When you restate the records, do so word for word and omit any picture they contain.

● Records to use

• • • • • • •

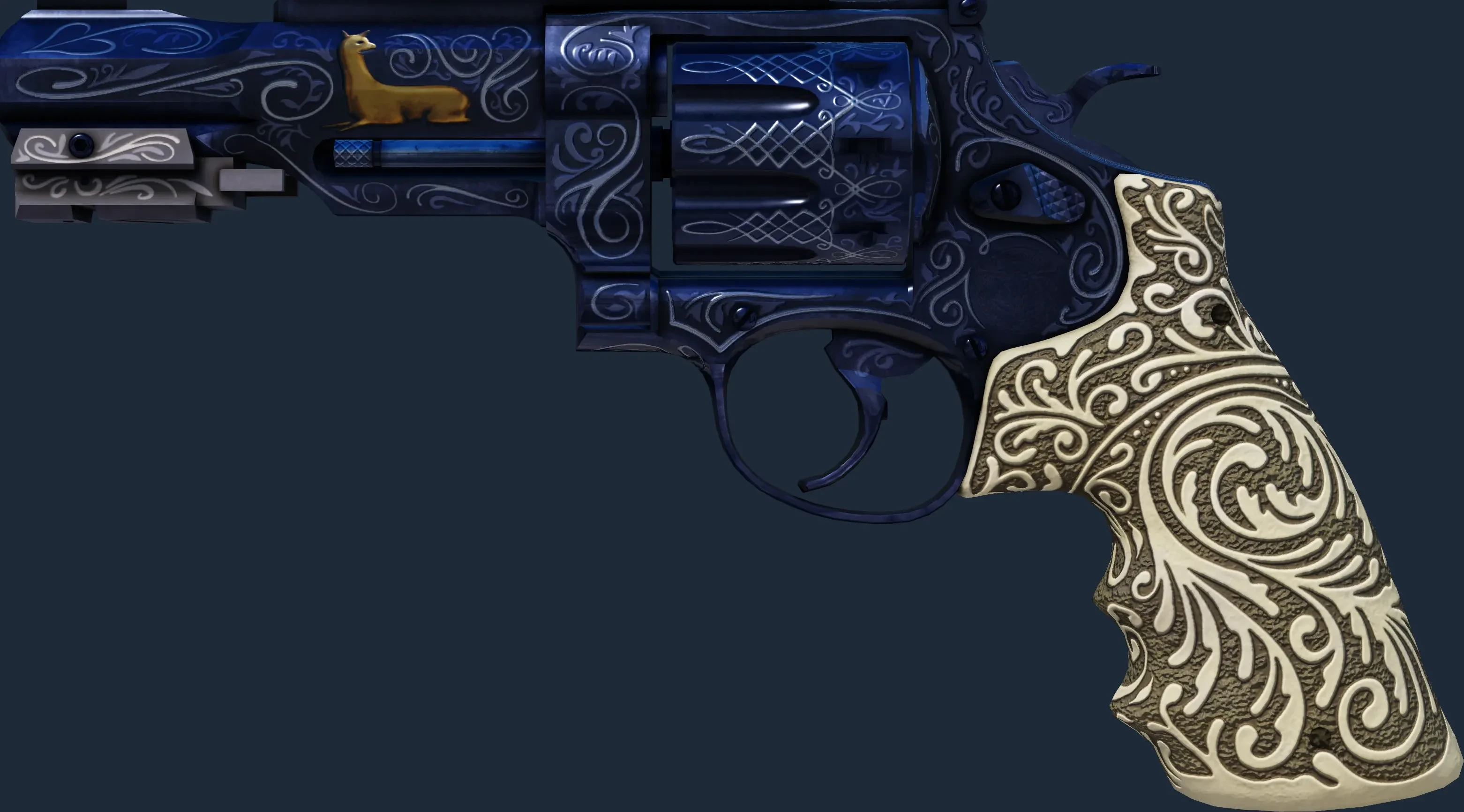 The R8 Revolver | Llama Cannon is a Covert grade skin for the R8 Revolver in Counter-Strike 2. It features a Custom Paint Job finish and was designed by The Honey Badger.
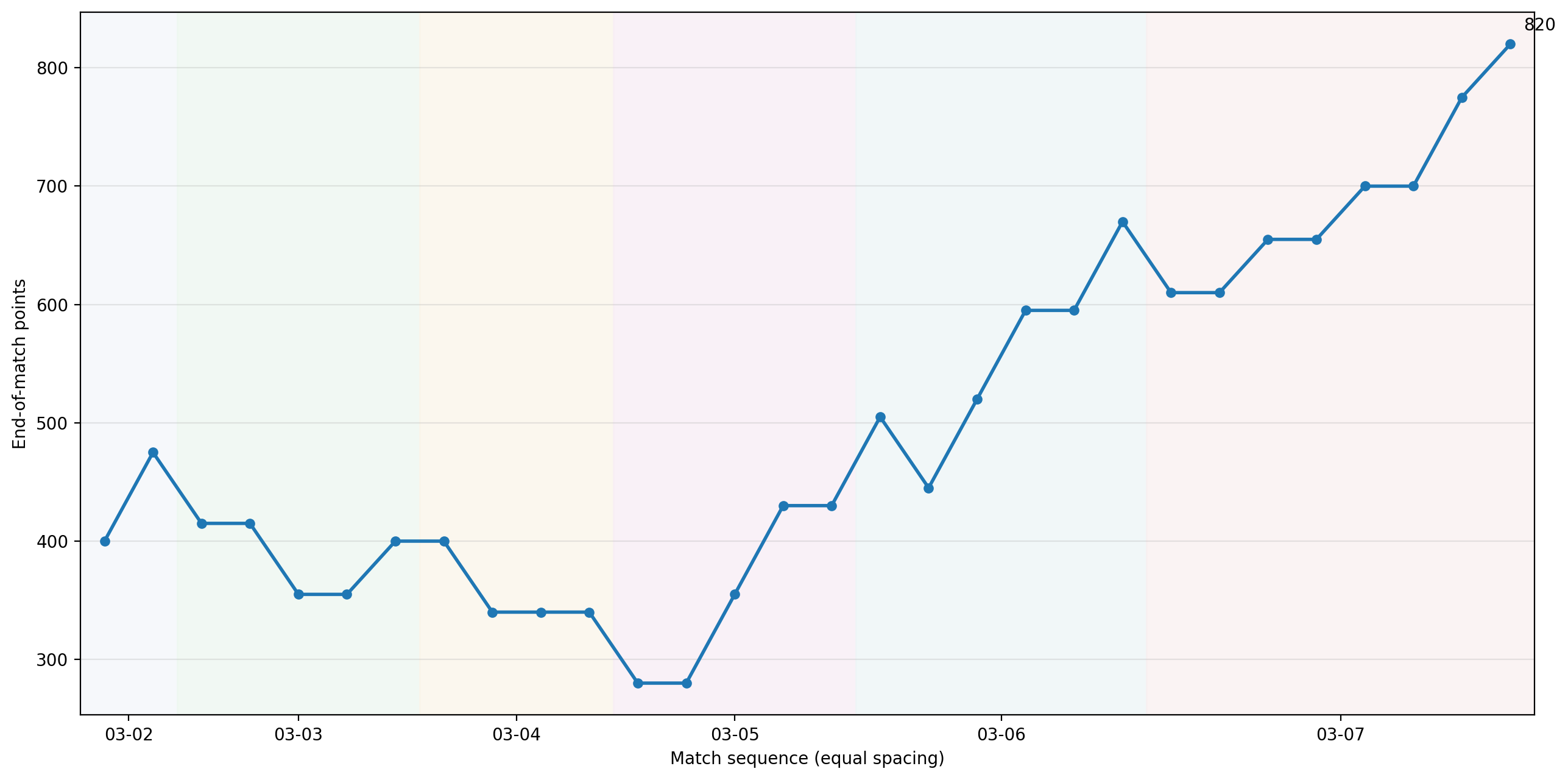 One particularly notable period was during the winter break of 2025, when I dropped back to 2-dan in sanma for the second time. I seriously considered giving up on the Tokujou goal. At that point, my yonma had just reached 3-dan for the first time—only about 600 points away from Tokujou. So I focused on yonma again. From January 19 to February 7, over 28 games, my score only went from 600 to 690 (peaking at 705).
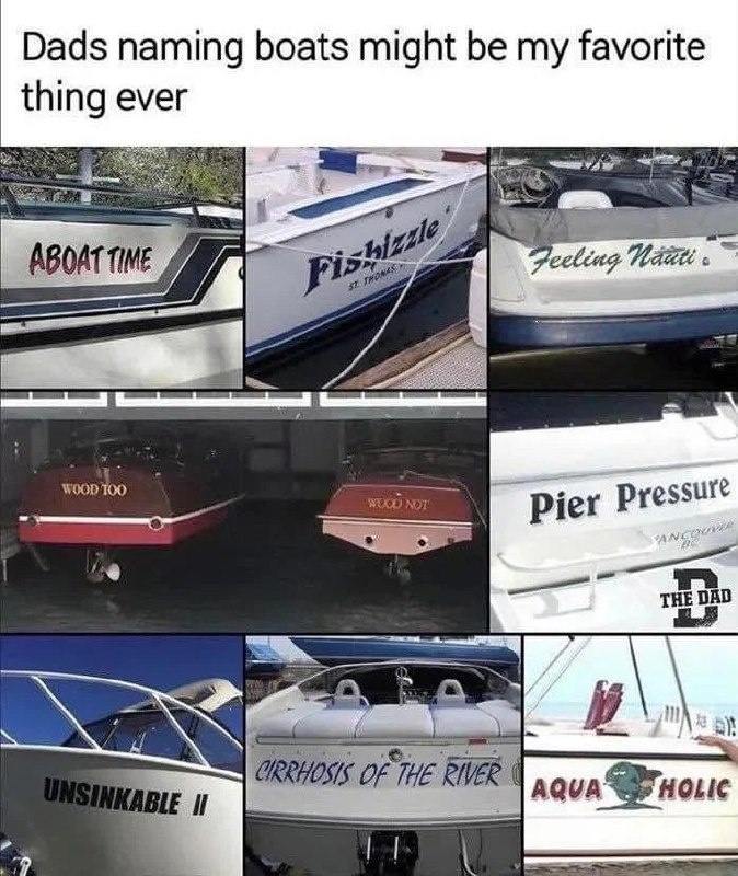 🚤 Сегодня наслаждаемся языковыми игрушками в остроумных названиях лодочек⤵️ ✅aboat time "Лодочный" вариант фразы "about time" - "давно пора/самое время". Есть еще фильм "About time", который перевели как "Бойфренд из будущего"😏 Точно кандидат для моей рубрики "трудности кино-перевода". ✅fishizzle "Рыбный" вариант слэнгового выражения "fo' shizzle" - па-любасу, конешн (в миру "for sure"). За суффикс -izzle, распространённый в языке подобно оспе, мы благодарим дядюшку Снуп Дога и его рэпесенки. ✅feeling nauti Тут микс слов "naughty" - "непослушный/озабоченный" и "nautical" - "мореходный". Так что хозяин лодки как-то себя чувствует, а как именно - кто знает🤗 ✅А вот тут я хз. Изгуглилась, издумалась, не пойму. Если кто сообразит в чем каламбур, буду максимально grateful. Только предполагаю игру слов из разряда " would too/ would not." - "Я б вдул/а я нет". Или типа "wood two/wood not" - "дерево два/дерево не два(а 1)". Лодки же две. В общем, help🙏 ✅pier pressure Рeer pressure (да
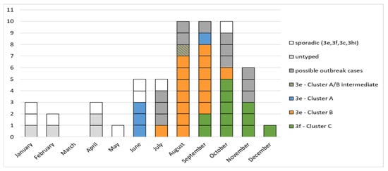 The three molecular clusters (Cluster A, B, and C) partially showed overlapped temporal distribution: three Cluster A cases occurred in June and a fourth case in September, 15 Cluster B cases occurred from July to October, and 11 Cluster C cases occurred from September to December.
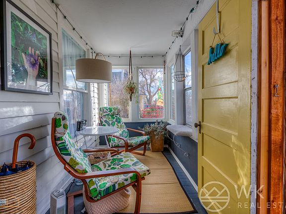 1910 OLD TOWN Longmont COTTAGE CHARMER! This home features a gourmet Kitchen with black granite countertops, a deep double sink with a swivel and extendable faucet/nozzle, a gas range/oven, pot racks and under cabinet lights, and a new black stainless steel refrigerator. The inviting open floor plan has unique sliding "barn" doors for the bedrooms. The enclosed front porch welcomes you home, and the huge covered back patio has a tin roof which reaches all the way to the garage so you can carry your groceries to the house out of the weather. The entire lot is fenced and has sturdy ranch gates. The oversized detached garage has ample storage shelving and a work shop. You can easily heat the entire home with the wood stove in the living room, or just set the thermostat on the forced air furnace and relax. Get into old town for this amazing price while you still can!
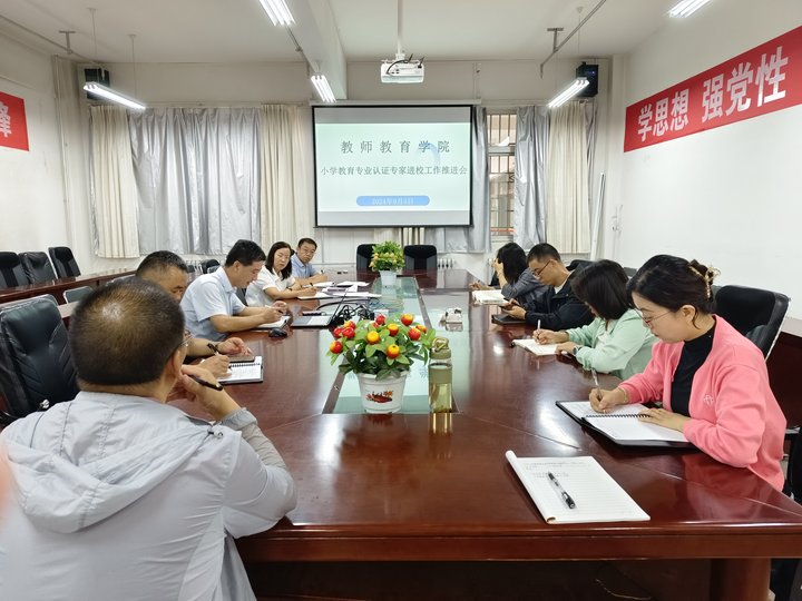 9月3日下午,tyc122cc太阳成集团召开了小学教育专业认证专家进校工作推进会,会议由公司负责人主持,公司领导、小学教育专业负责人及专业认证各小组负责人参加了会议。
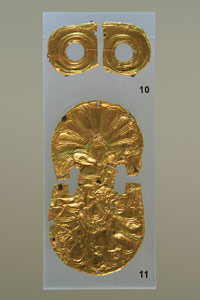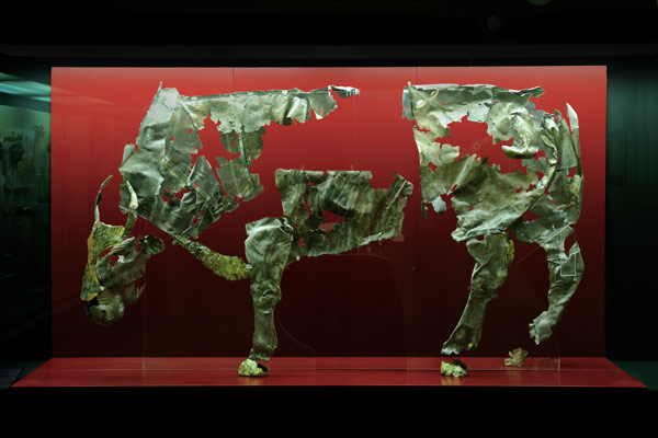Auch dieser archaische Stier aus Silberplatten war in ähnlicher Technik wie bei den chriselephantinen Skulpturen angefertigt. Er datiert auf das 7. oder 6. Jhd. v. Chr. Er beeindruckt trotz der fehlenden Elemente durch Kraft und Dynamik.
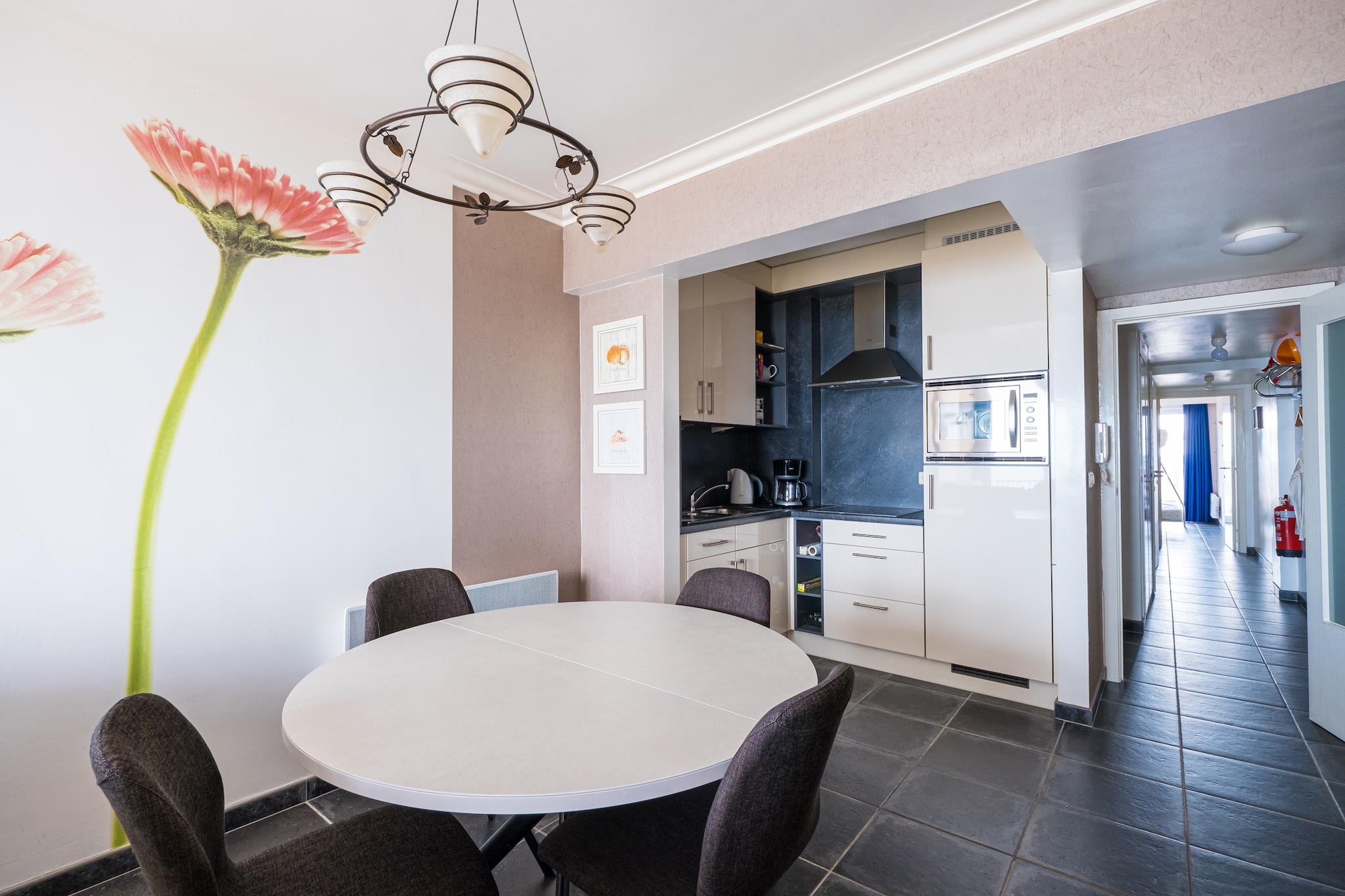 Denne lyse og hyggelige lejlighed på Zeedijk 105 ligger på 7. etage og byder på en betagende havudsigt gennem gulv til loft-vinduer. Med to soveværelser - et med en dobbeltseng og et andet med en unik køjeseng til tre - plus en komfortabel stue og åbent køkken, er det ideelt for familier eller små grupper, der søger et tilflugtssted ved havet. Lejligheden indeholder et moderne badeværelse med bruser, et separat gæstetoilet og en ekstra håndvask i et af soveværelserne for ekstra bekvemmelighed. En solvendt terrasse på bagsiden inviterer dig til at slappe af med to liggestole, en parasol og en forrude. Til de mindste er der en høj stol og ammemadras. WiFi sikrer, at du forbliver forbundet under hele dit ophold. Centralt beliggende nær Casino Square, lejligheden ligger i gåafstand fra butikker og offentlig transport. Med Nieuwpoort (9 km), Plopsaland (30 km) og Brugge (40 km) i nærheden, er dette den perfekte base for at udforske Vestflandern, mens du nyder komforten og charmen ved kystlivet.

• • • • • • •

● Output
 The R8 Revolver | Llama Cannon is a Covert grade skin for the R8 Revolver in Counter-Strike 2. It features a Custom Paint Job finish and was designed by The Honey Badger.
 One particularly notable period was during the winter break of 2025, when I dropped back to 2-dan in sanma for the second time. I seriously considered giving up on the Tokujou goal. At that point, my yonma had just reached 3-dan for the first time—only about 600 points away from Tokujou. So I focused on yonma again. From January 19 to February 7, over 28 games, my score only went from 600 to 690 (peaking at 705).
 🚤 Сегодня наслаждаемся языковыми игрушками в остроумных названиях лодочек⤵️ ✅aboat time "Лодочный" вариант фразы "about time" - "давно пора/самое время". Есть еще фильм "About time", который перевели как "Бойфренд из будущего"😏 Точно кандидат для моей рубрики "трудности кино-перевода". ✅fishizzle "Рыбный" вариант слэнгового выражения "fo' shizzle" - па-любасу, конешн (в миру "for sure"). За суффикс -izzle, распространённый в языке подобно оспе, мы благодарим дядюшку Снуп Дога и его рэпесенки. ✅feeling nauti Тут микс слов "naughty" - "непослушный/озабоченный" и "nautical" - "мореходный". Так что хозяин лодки как-то себя чувствует, а как именно - кто знает🤗 ✅А вот тут я хз. Изгуглилась, издумалась, не пойму. Если кто сообразит в чем каламбур, буду максимально grateful. Только предполагаю игру слов из разряда " would too/ would not." - "Я б вдул/а я нет". Или типа "wood two/wood not" - "дерево два/дерево не два(а 1)". Лодки же две. В общем, help🙏 ✅pier pressure Рeer pressure (да
 The three molecular clusters (Cluster A, B, and C) partially showed overlapped temporal distribution: three Cluster A cases occurred in June and a fourth case in September, 15 Cluster B cases occurred from July to October, and 11 Cluster C cases occurred from September to December.
 1910 OLD TOWN Longmont COTTAGE CHARMER! This home features a gourmet Kitchen with black granite countertops, a deep double sink with a swivel and extendable faucet/nozzle, a gas range/oven, pot racks and under cabinet lights, and a new black stainless steel refrigerator. The inviting open floor plan has unique sliding "barn" doors for the bedrooms. The enclosed front porch welcomes you home, and the huge covered back patio has a tin roof which reaches all the way to the garage so you can carry your groceries to the house out of the weather. The entire lot is fenced and has sturdy ranch gates. The oversized detached garage has ample storage shelving and a work shop. You can easily heat the entire home with the wood stove in the living room, or just set the thermostat on the forced air furnace and relax. Get into old town for this amazing price while you still can!
 9月3日下午,tyc122cc太阳成集团召开了小学教育专业认证专家进校工作推进会,会议由公司负责人主持,公司领导、小学教育专业负责人及专业认证各小组负责人参加了会议。
Auch dieser archaische Stier aus Silberplatten war in ähnlicher Technik wie bei den chriselephantinen Skulpturen angefertigt. Er datiert auf das 7. oder 6. Jhd. v. Chr. Er beeindruckt trotz der fehlenden Elemente durch Kraft und Dynamik.
 Denne lyse og hyggelige lejlighed på Zeedijk 105 ligger på 7. etage og byder på en betagende havudsigt gennem gulv til loft-vinduer. Med to soveværelser - et med en dobbeltseng og et andet med en unik køjeseng til tre - plus en komfortabel stue og åbent køkken, er det ideelt for familier eller små grupper, der søger et tilflugtssted ved havet. Lejligheden indeholder et moderne badeværelse med bruser, et separat gæstetoilet og en ekstra håndvask i et af soveværelserne for ekstra bekvemmelighed. En solvendt terrasse på bagsiden inviterer dig til at slappe af med to liggestole, en parasol og en forrude. Til de mindste er der en høj stol og ammemadras. WiFi sikrer, at du forbliver forbundet under hele dit ophold. Centralt beliggende nær Casino Square, lejligheden ligger i gåafstand fra butikker og offentlig transport. Med Nieuwpoort (9 km), Plopsaland (30 km) og Brugge (40 km) i nærheden, er dette den perfekte base for at udforske Vestflandern, mens du nyder komforten og charmen ved kystlivet.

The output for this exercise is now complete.